È una lotta col tempo quella di Gemma. I flashback continui si ricongiungono quando la protagonista cede nel tiro alla fune di un destino consumato che sa solo guardarsi alle spalle. C’è una redenzione per i gesti di veneri sognanti trasformatisi in smorfie da megere che si trascinano in un mondo simile ai gironi infernali? Forse, ma qualcuno dovrà sacrificarsi. Un uomo o la verità. E niente resterà uguale.

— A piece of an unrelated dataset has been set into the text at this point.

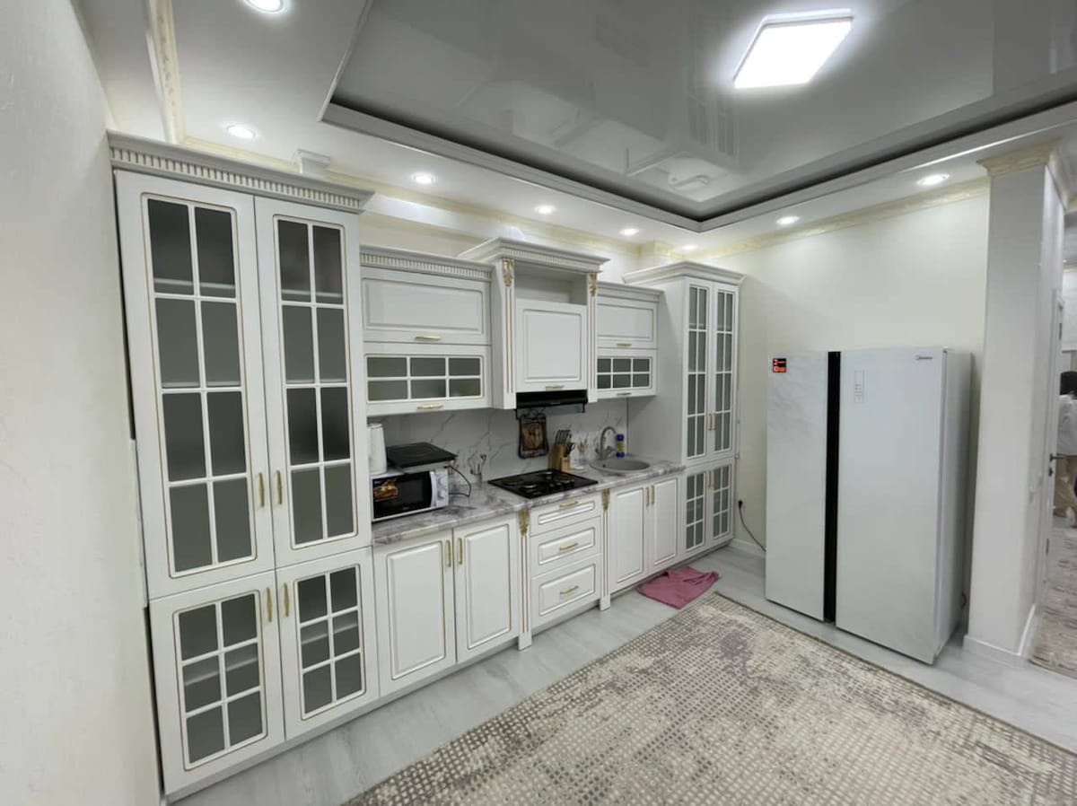 Disfruta de alojarte en un apartamento elegante. Apartamento absolutamente nuevo, luminoso, espacioso en un nuevo complejo residencial con una nueva renovación. Acogedor dormitorio con una cama grande (180*200) con un colchón ortopédico. Cocina-sala de estar con todo lo necesario para una estancia cómoda. Las ventanas ofrecen una hermosa vista de la ciudad y las hermosas montañas. Zona para caminar a lo largo de toda la zona con parques, tiendas,bares, clubes nocturnos, restaurantes y cafeterías. A 10 minutos a pie de la plaza central Ala-too.

Probabilmente il film deve molto alle parole del romanzo. Non è soltanto una storia cupa, è un melodramma che sfiora il patetico in certe scene di bocche deformate da urla animali. I personaggi sono esasperati, soprattutto Diego, con le sue espressioni caricaturali. La sofferenza di Gemma per un amore che perde valore di fronte alla morte pubblica, è talmente ‘incontinente’ da creare una specie di imbarazzo nello spettatore.

Se si fosse lasciato più spazio alla pregnanza delle immagini come, in effetti, avviene in certe scene, il melodramma sarebbe rientrato nelle proporzioni adeguate rispetto alla devastazione delle rovine. Sarebbe stato politicamente corretto, ma questo non è un film politico, è una storia d’amore egoisticamente intrappolata nei suoi sospetti e rancori.